Does anyone know where I can get these information?

Thanks

--

André Luiz C. e Cavalcante, PMP, PRINCE2

ITS Manager

[Gerald Young]

MySQL Workbench or phpMyAdmin would be helpful tools for you.

The schema isn't terribly obscure.

For instance, the table named "ticket" holds ticket data. 
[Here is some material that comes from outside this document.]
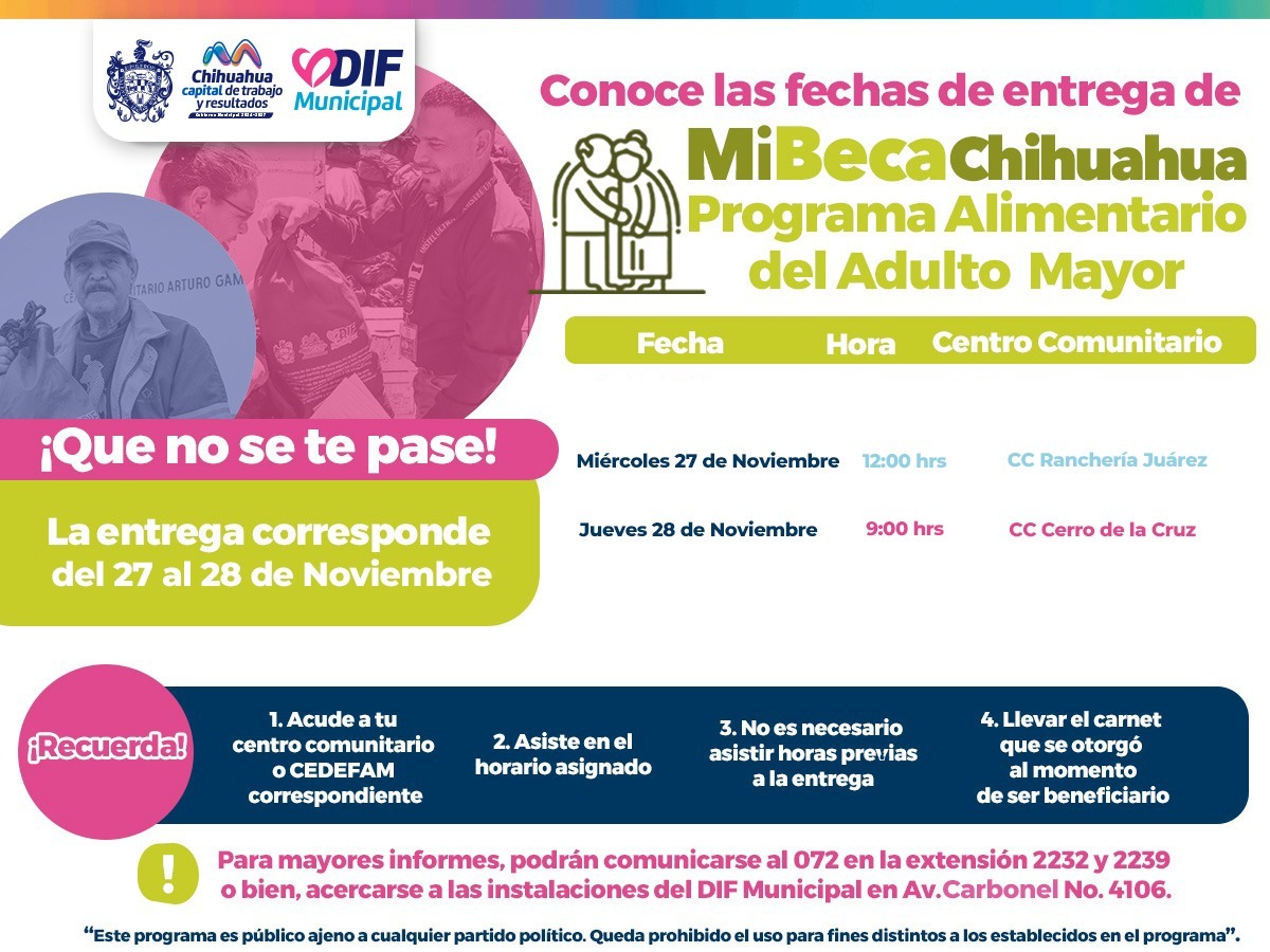 El DIF Municipal informa a las y los beneficiarios del Programa Alimentario del Adulto Mayor (PAAM) los centros comunitarios a los que podrán acudir por su entrega este 27 y 28 de noviembre.

Do you know how to write sql queries? (I need a base of understanding -- whether you need direction to accomplish the task yourself or you need someone to do it for you).

For instance: 

number of tickets in each queue

select  q.name queue, count(t.id) number from ticket t left join queue q on q.id=t.queue_id left join ticket_state ts on ts.id = t.ticket_state_id group by q.name

number of tickets locked and unlocked in each queue:

select  q.name queue, sum(if(t.ticket_lock_id =1, 1, 0)) unlocked, sum(if(t.ticket_lock_id = 2, 1, 0)) locked from ticket t left join queue q on q.id=t.queue_id left join ticket_state ts on ts.id = t.ticket_state_id group by q.name

(yeah, you're not going to find *that* one easily in a list).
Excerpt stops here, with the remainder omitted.